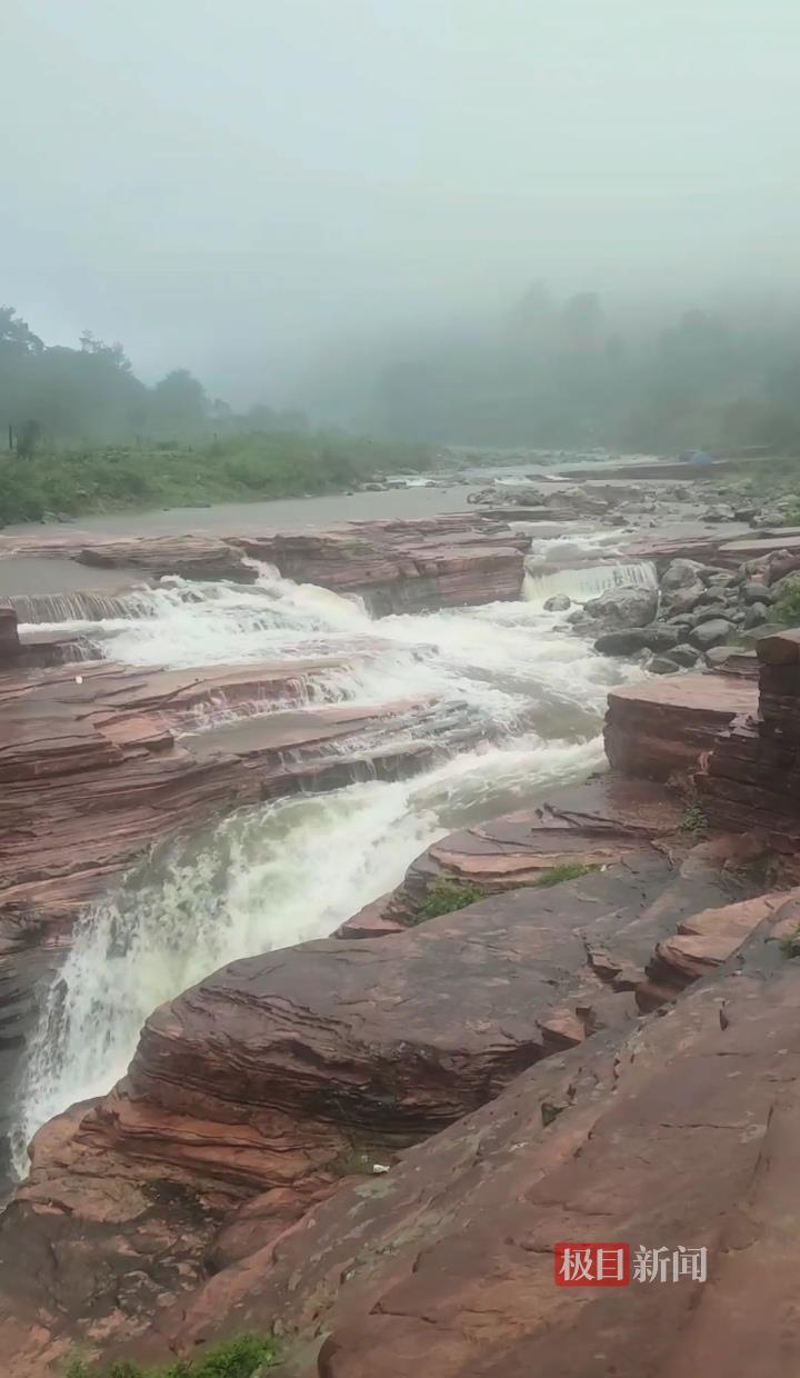抱犊村老龙口农家乐的秦二平告诉极目新闻记者,他家距离瀑布步行不到10分钟。7月24日晚7时许,当地出现强降雨,25日上午7时许,他发现瀑布上游水量增大,走到瀑布落水口,听到轰隆隆的声音,这才发现“断流”一年的瀑布终于又出现了。
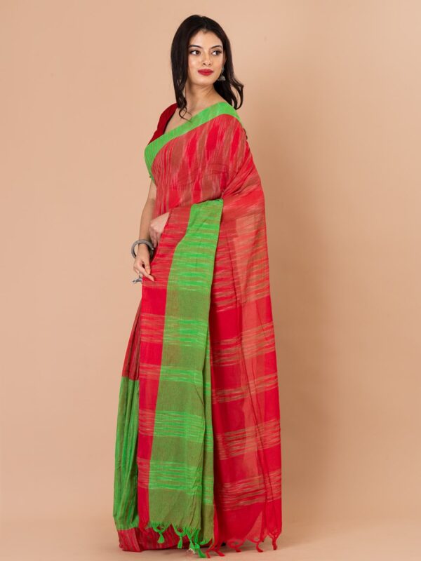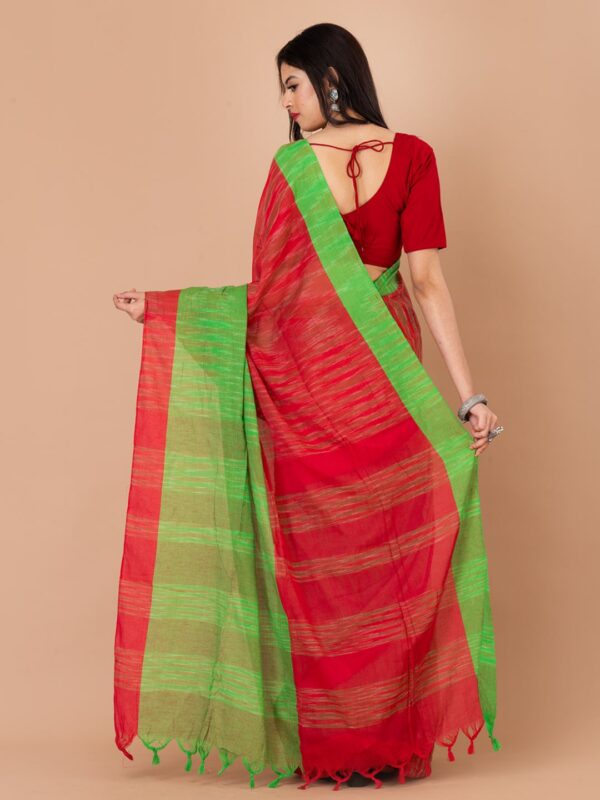 The Handloom sari is a traditional Indian attire that can be worn on all occasions, be it a wedding or a religious event. It has become very popular among women in India. This handloom sari is made from soft cotton fabric and decorated with multi-color thread-weaved designs to give it an elegant look. This beautiful sari is a great investment piece and can be worn on all occasions. It comes with an unstitched blouse piece which will fit perfectly with your body type.
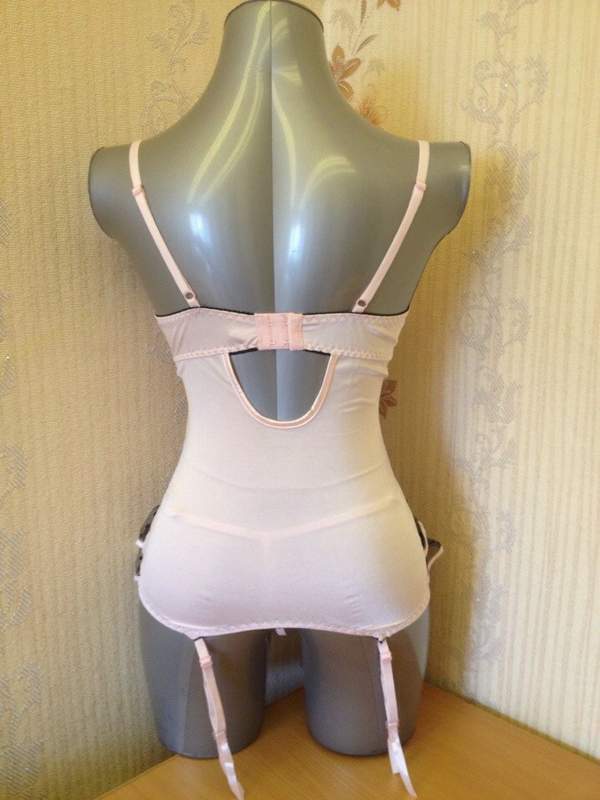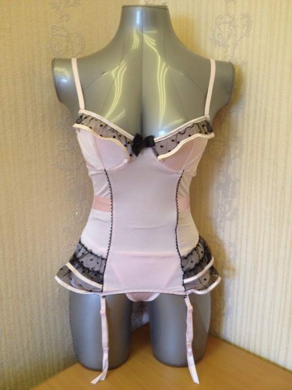 В комплекте удлиненный топ и трусики-стринги нежно-розового цвета. Топ декорирован контрастными рюшами и имеет несъемные подвязки для чулок.
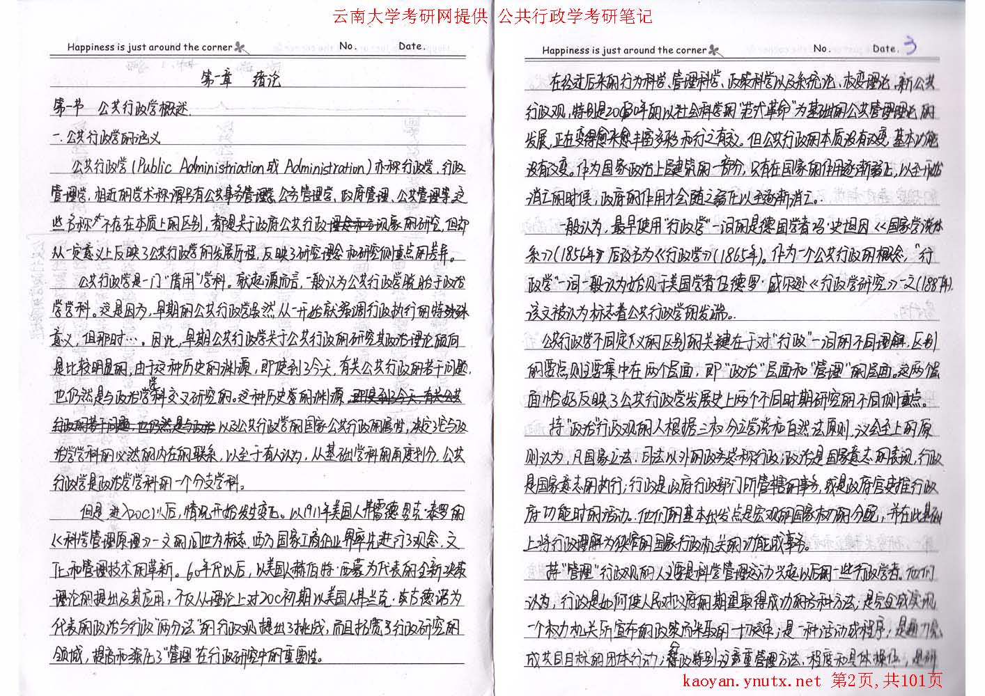 云南大学考行政管理学&公共经济学研笔记,笔记包括3部份,笔记内容为手写
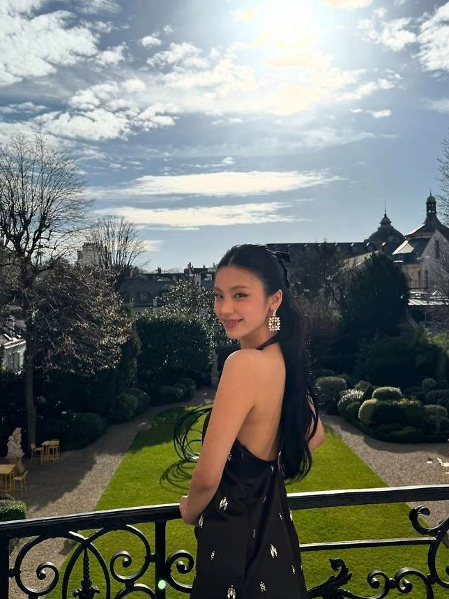 풍성하게 웨이브진 긴 흑발에 리본을 더해 소녀미를 배가시켰으며, 팔을 쭉 뻗은 자연스러운 포즈가 자유로운 분위기를 연출했습니다.
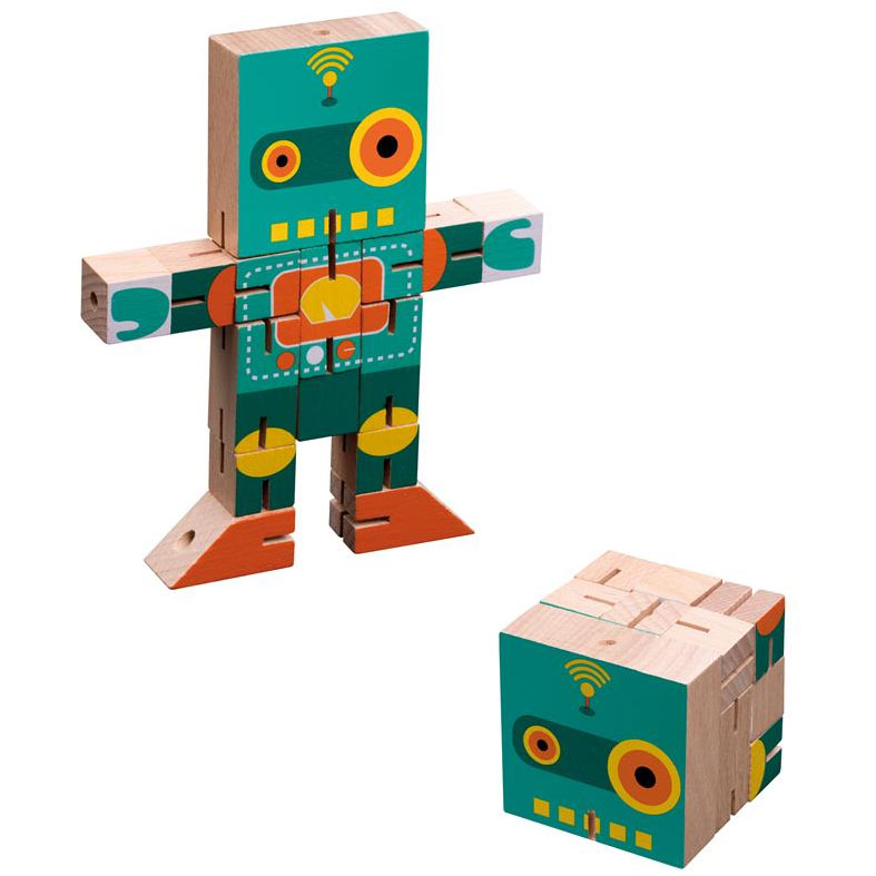 Ziel dieses Würfel-Puzzles ist es, die mit Gummiseilen verbundenen Teile so anzuordnen, dass am Ende die abgebildete Figur entsteht. Anschließend muss die Figur wieder zurück in die Würfelform gebaut werden.
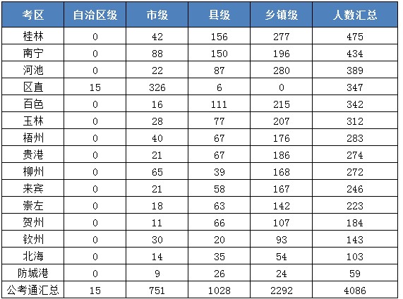 本次考试招录计划覆盖广西各个地(市),桂林以招录475人,248个职位夺得今年广西公务员考试招录冠军,而南宁招录434人210个职位紧随其后。各考区中只有这两者招录人数超过400人。而防城港今年仅有35个职位招录59人,想要该地区上岸的考生,可能会难上加难。
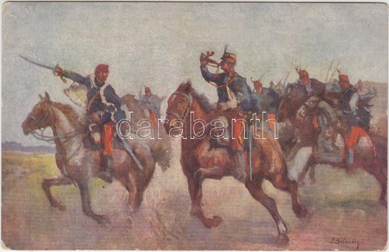 Leírás: Rohamra! Honvédelmi Minisztérium Hadsegélyező Hivatala által kiadott képeslap / Attack, WWI K.u.K. hussars, cavalry s: B. Bélaváry
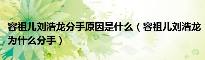 容祖兒劉浩龍分手原因是什么(容祖兒劉浩龍為什么分手)
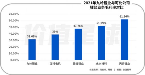 从锂盐毛利率来看,2021年度,碳酸锂等原料价格的飞涨让全行业从中受益。2021年,天齐锂业的毛利率为61.96%、赣锋锂业为47.76%,九岭锂业只有31.69%,并不具备明显优势。
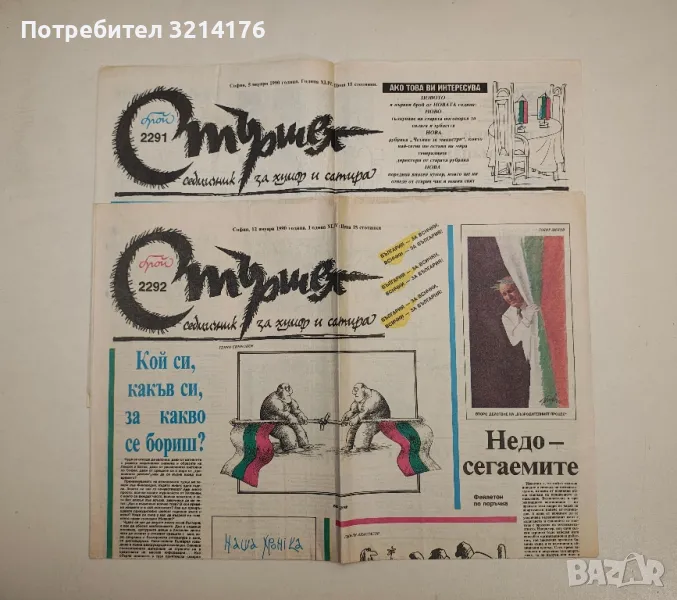Вестник "Стършел". Бр. 2291, 2292 / 1990; Бр. 2628 / 1996 → Обява 48320397

+++++

Word for word, return the material above, but drop the pictures.

RESULT OF THIS EXERCISE:
抱犊村老龙口农家乐的秦二平告诉极目新闻记者,他家距离瀑布步行不到10分钟。7月24日晚7时许,当地出现强降雨,25日上午7时许,他发现瀑布上游水量增大,走到瀑布落水口,听到轰隆隆的声音,这才发现“断流”一年的瀑布终于又出现了。
 The Handloom sari is a traditional Indian attire that can be worn on all occasions, be it a wedding or a religious event. It has become very popular among women in India. This handloom sari is made from soft cotton fabric and decorated with multi-color thread-weaved designs to give it an elegant look. This beautiful sari is a great investment piece and can be worn on all occasions. It comes with an unstitched blouse piece which will fit perfectly with your body type.
 В комплекте удлиненный топ и трусики-стринги нежно-розового цвета. Топ декорирован контрастными рюшами и имеет несъемные подвязки для чулок.
 云南大学考行政管理学&公共经济学研笔记,笔记包括3部份,笔记内容为手写
 풍성하게 웨이브진 긴 흑발에 리본을 더해 소녀미를 배가시켰으며, 팔을 쭉 뻗은 자연스러운 포즈가 자유로운 분위기를 연출했습니다.
 Ziel dieses Würfel-Puzzles ist es, die mit Gummiseilen verbundenen Teile so anzuordnen, dass am Ende die abgebildete Figur entsteht. Anschließend muss die Figur wieder zurück in die Würfelform gebaut werden.
 本次考试招录计划覆盖广西各个地(市),桂林以招录475人,248个职位夺得今年广西公务员考试招录冠军,而南宁招录434人210个职位紧随其后。各考区中只有这两者招录人数超过400人。而防城港今年仅有35个职位招录59人,想要该地区上岸的考生,可能会难上加难。
 Leírás: Rohamra! Honvédelmi Minisztérium Hadsegélyező Hivatala által kiadott képeslap / Attack, WWI K.u.K. hussars, cavalry s: B. Bélaváry
 容祖兒劉浩龍分手原因是什么(容祖兒劉浩龍為什么分手)
 从锂盐毛利率来看,2021年度,碳酸锂等原料价格的飞涨让全行业从中受益。2021年,天齐锂业的毛利率为61.96%、赣锋锂业为47.76%,九岭锂业只有31.69%,并不具备明显优势。
Вестник "Стършел". Бр. 2291, 2292 / 1990; Бр. 2628 / 1996 → Обява 48320397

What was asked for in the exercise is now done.